June | 2020 | Clean Rinse

There’s a certain opinion that graphics programming is a lot more difficult than it used to be. The so-called “Modern APIs”, that is, Direct3D 12, Metal, and Vulkan, introduce a new graphics programming paradigm that can be difficult and opaque to someone new to the field. Bizarrely, they can be even more difficult for someone who grew up on older APIs like “classic” OpenGL. Compared to what you might be used to, it seems surprisingly heavy, and the amount of “boilerplate” is very high.

There’s no end of “Vulkan Tutorials” out there on the web. I am not aiming to create another one. What makes these APIs hard to use is the lack of a true reference on the problem space: the conceptual understanding of what a modern GPU is, what it looks like, and what it’s best at doing. This goes hand in hand with architecting your graphics engine, as well.

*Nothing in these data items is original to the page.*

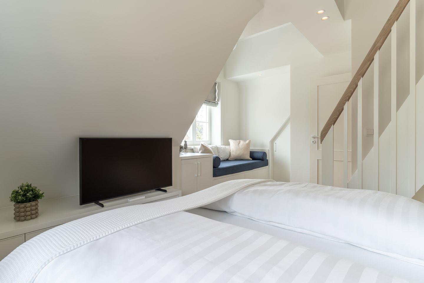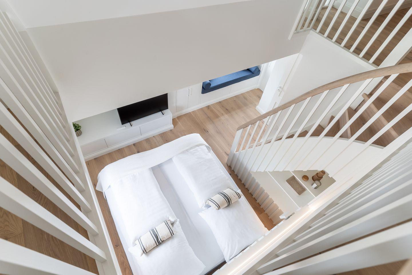 Über eine Holztreppe gelangt man in das Obergeschoss. Die zwei Schlafzimmer, eines mit einem Doppelbett und eines mit einem Einzelbett sind mit einem TV ausgestattet. Kleiderschränke gewähren Ihnen viel Stauraum.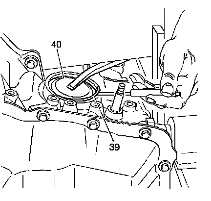2. Use a small screwdriver in order to pry out the retaining ring (39) from the reverse band servo cover.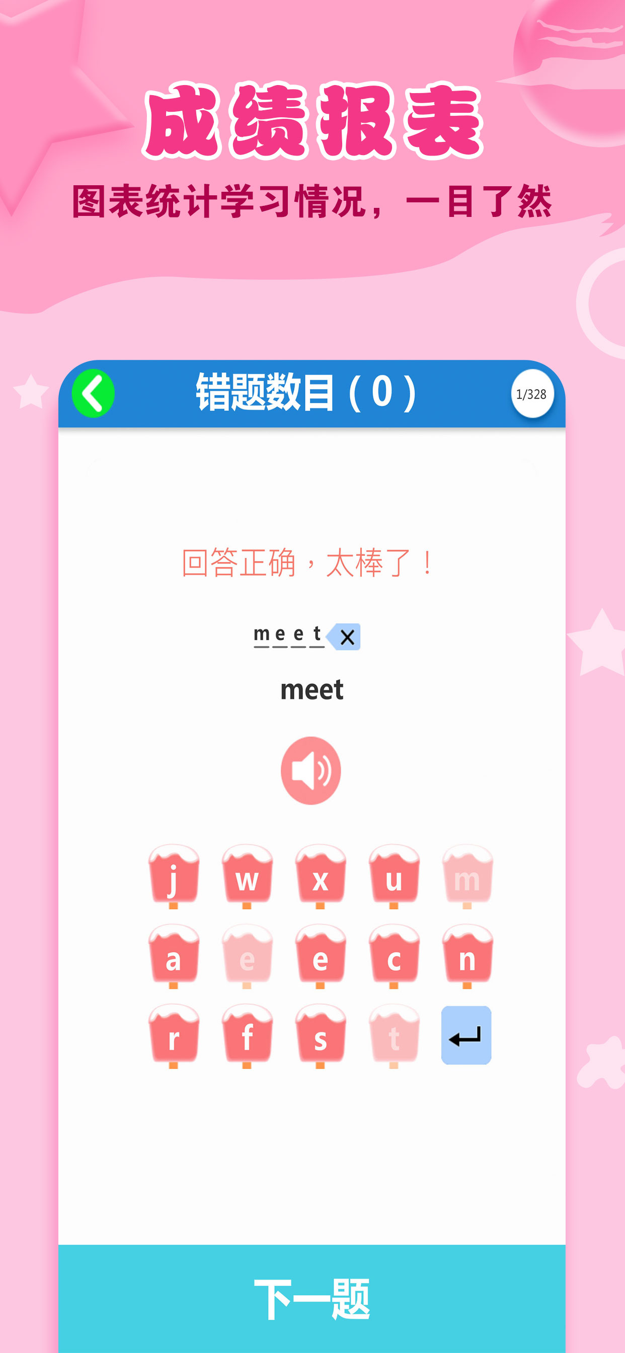 创意设计趣味互动,图表统计学习情况,孩子的学习情况一目了然(学习时间,测试情况,不熟悉的单词)。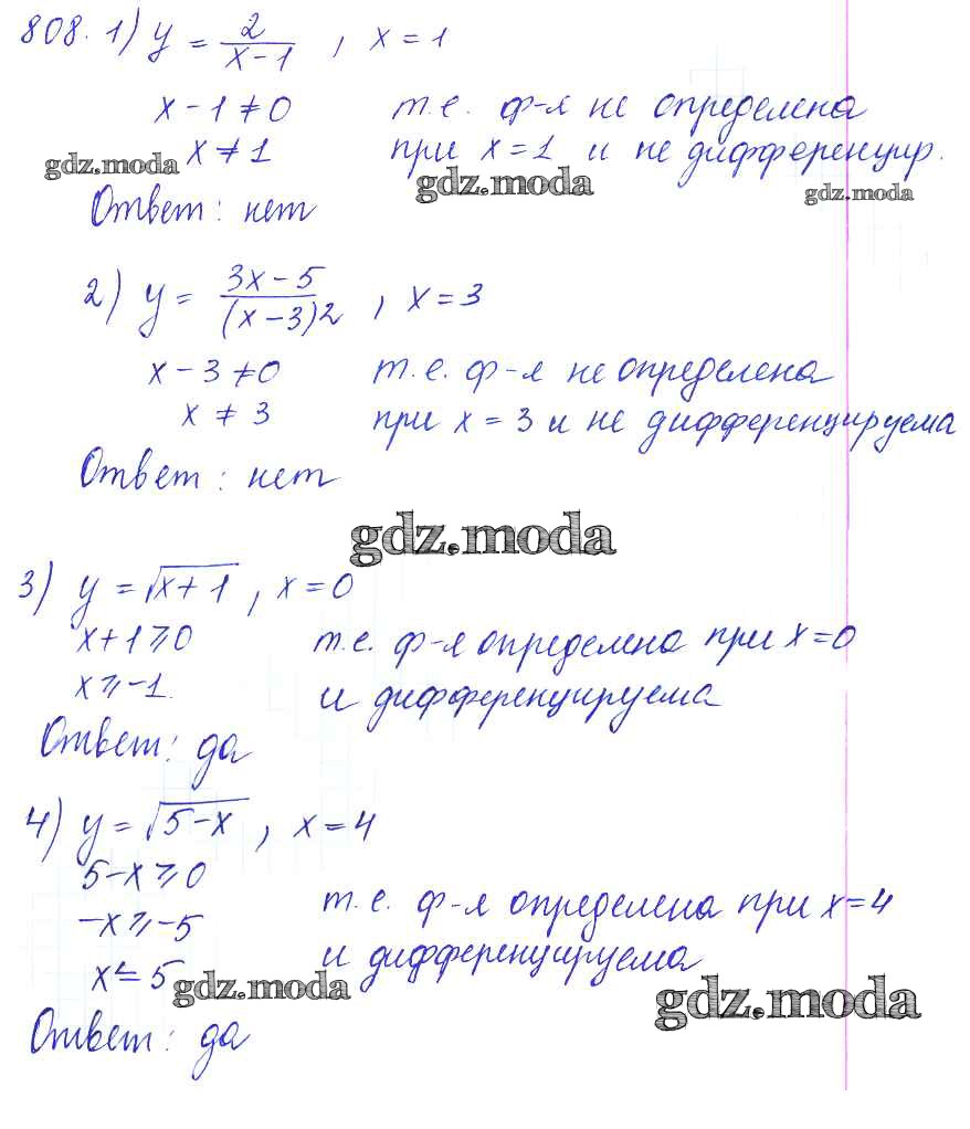 ОТВЕТ на задание № 808 Учебник по Алгебре 10-11 класс Алимов Базовый и углубленный уровень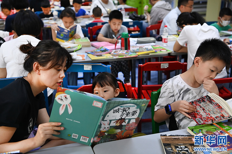 7月2日,一位母亲在陕西省图书馆少儿阅览室辅导孩子阅读。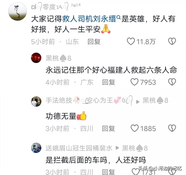 有网友表示大家要永远记得热心的救人司机刘永缙,他救下了6条人命,好人有好报,好人一生平安,他是一个英雄!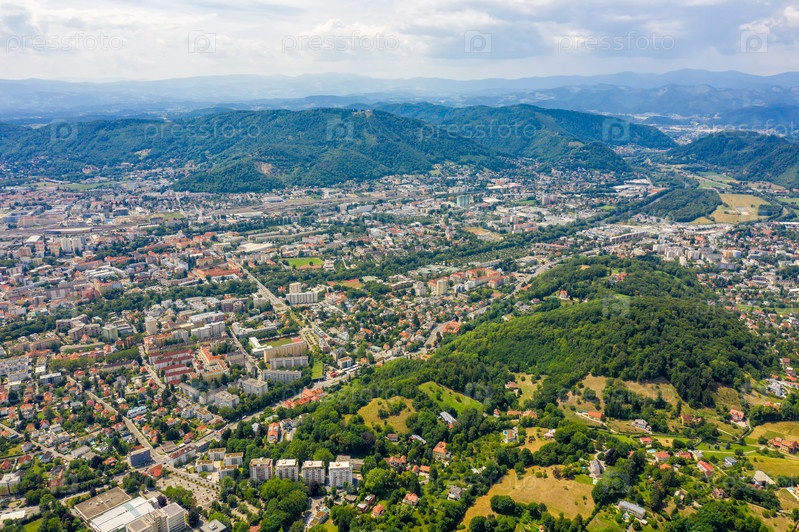 Грац, Австрия. Панорама города. Вид с воздуха на город и его окрестности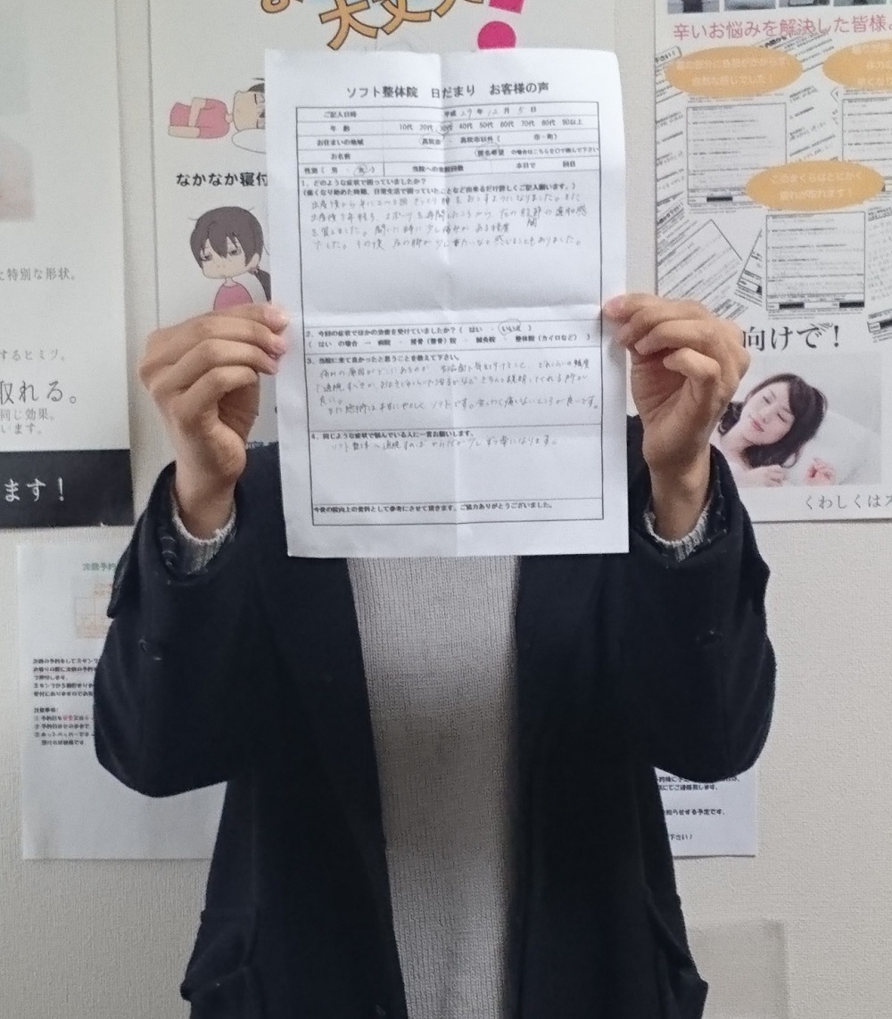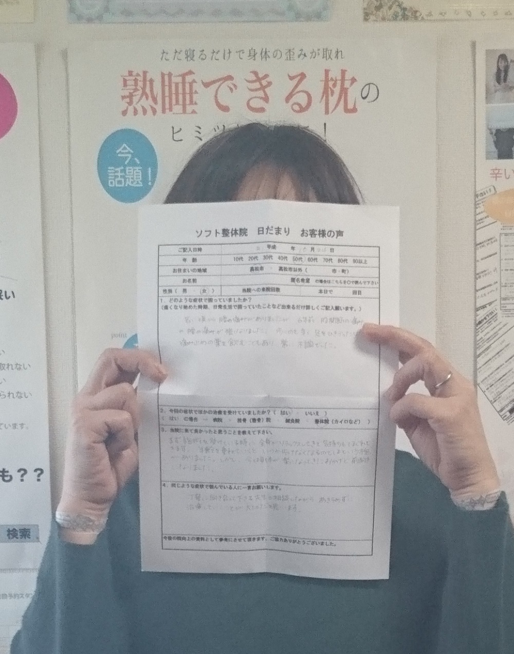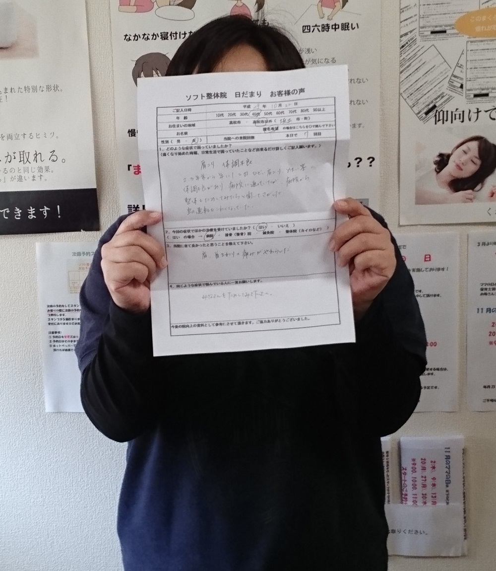 私は40年以上肩凝りに悩まされてきましたが、日だまりさんのおかげで楽になりました。今からでも遅くないです。少しでも早く施術を受けて楽になってほしいです。痛みもなく、ソフトな施術に毎回癒されています。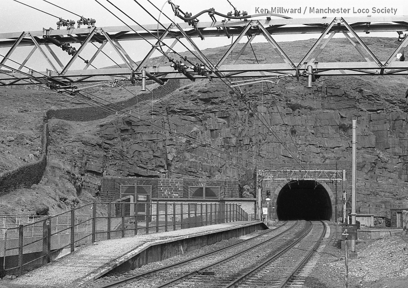 km005-06: ...04.79 Woodhead Station. Up platform and tunnel mouths from the down platform. [FP4/4]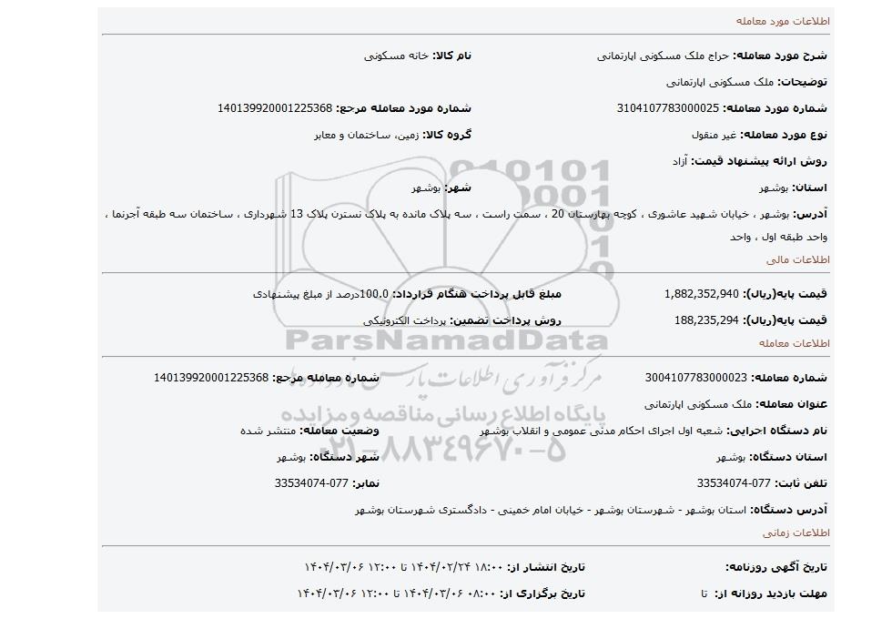 | نام دستگاه اجرایی: شعبه اول اجرای احکام مدنی عمومی و انقلاب بوشهر | وضعیت معامله: منتشر شده | |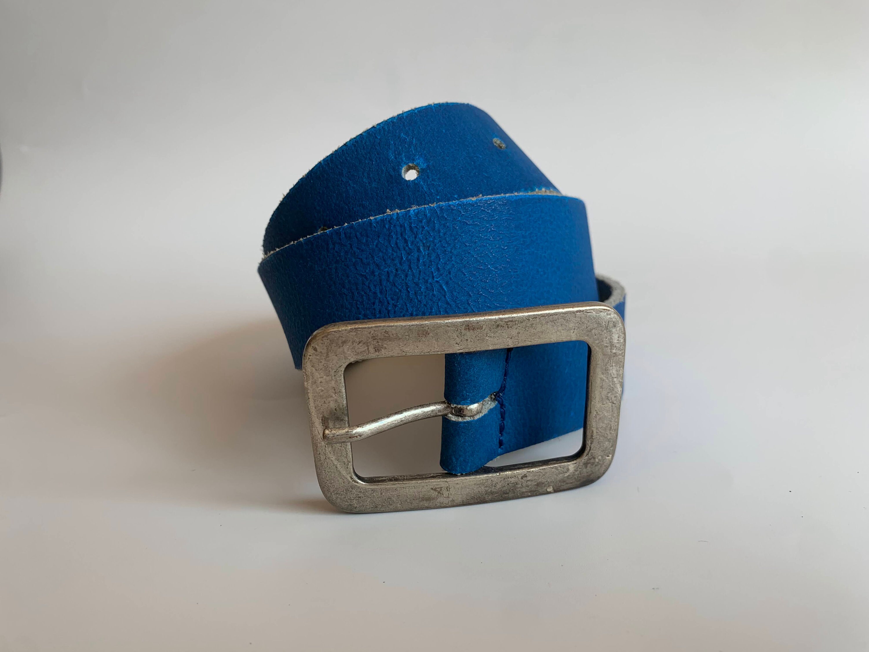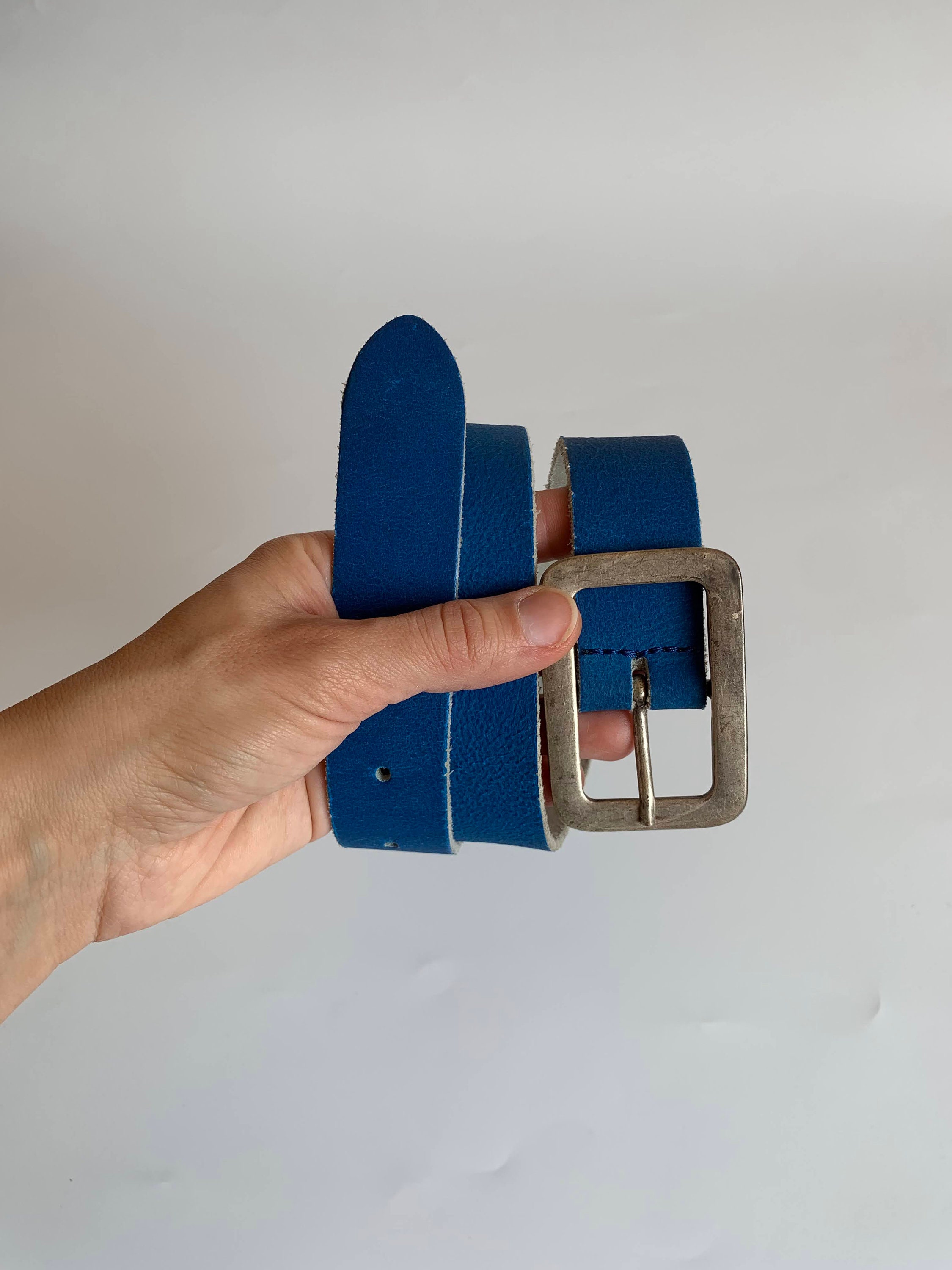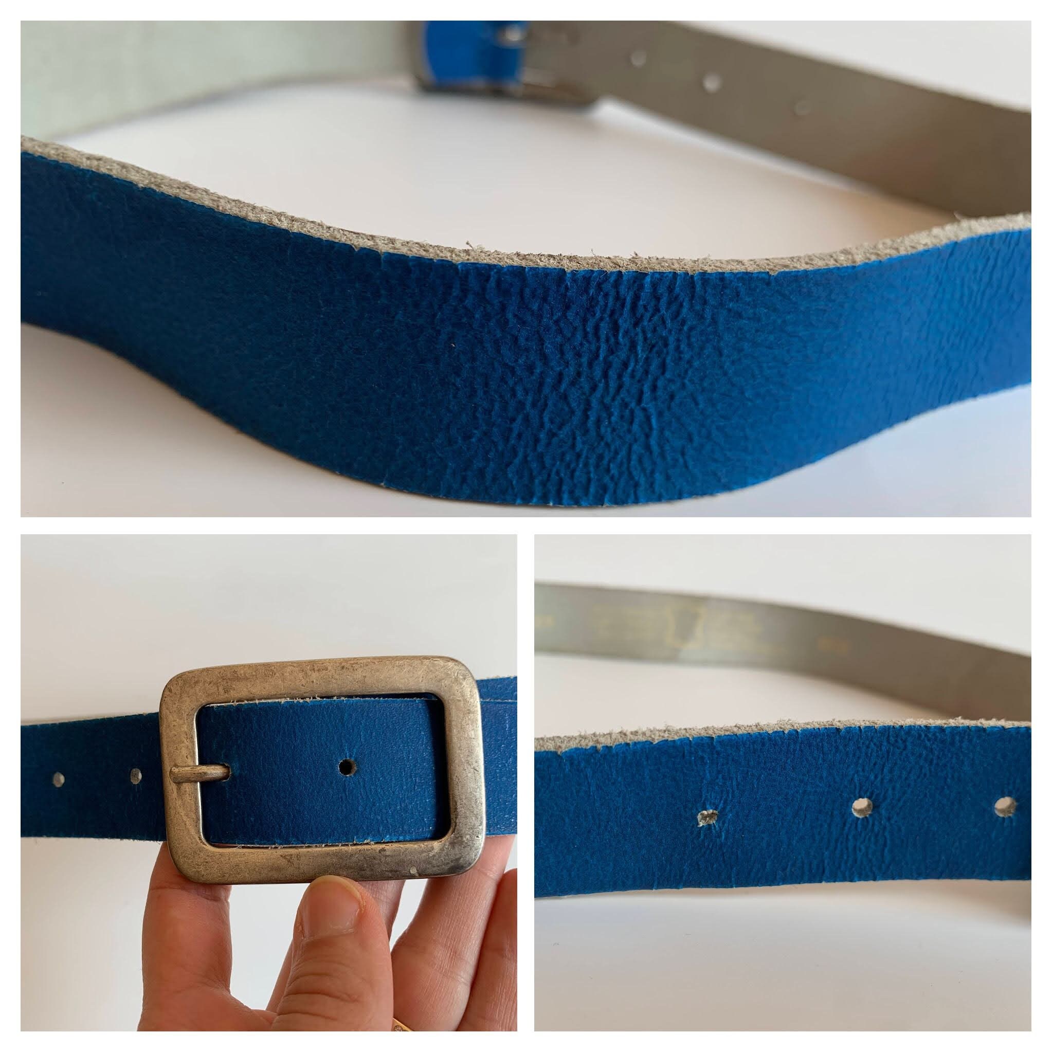 Condition: This blue leather belt has a distressed look as the leather has a cracked effect, which could be due to the wear or the belt cold have been made this way. The silver tone buckle shows some scratches too.

When left to our own devices, fed tiny nibbles of information here and there, we’ll use our imagination and come up with our own mental model of what a GPU is and how it works. Unfortunately, the universe is against us here; a combination of decades of inaccurate marketing to a gaming populus most interested in just comparing raw specs, legitimate differences in GPU architecture between vendors, and the sheer mass of code tucked away in drivers to win benchmarks have made it incredibly difficult to build that mental model effectively. How are we supposed to understand modern APIs that promise to expose the whole GPU to us, but don’t tell us what our hardware even is? Every senior graphics programmer I’ve talked to had to go through several difficult sessions of “unlearning”, of tearing down mental models made with incomplete or outdated information.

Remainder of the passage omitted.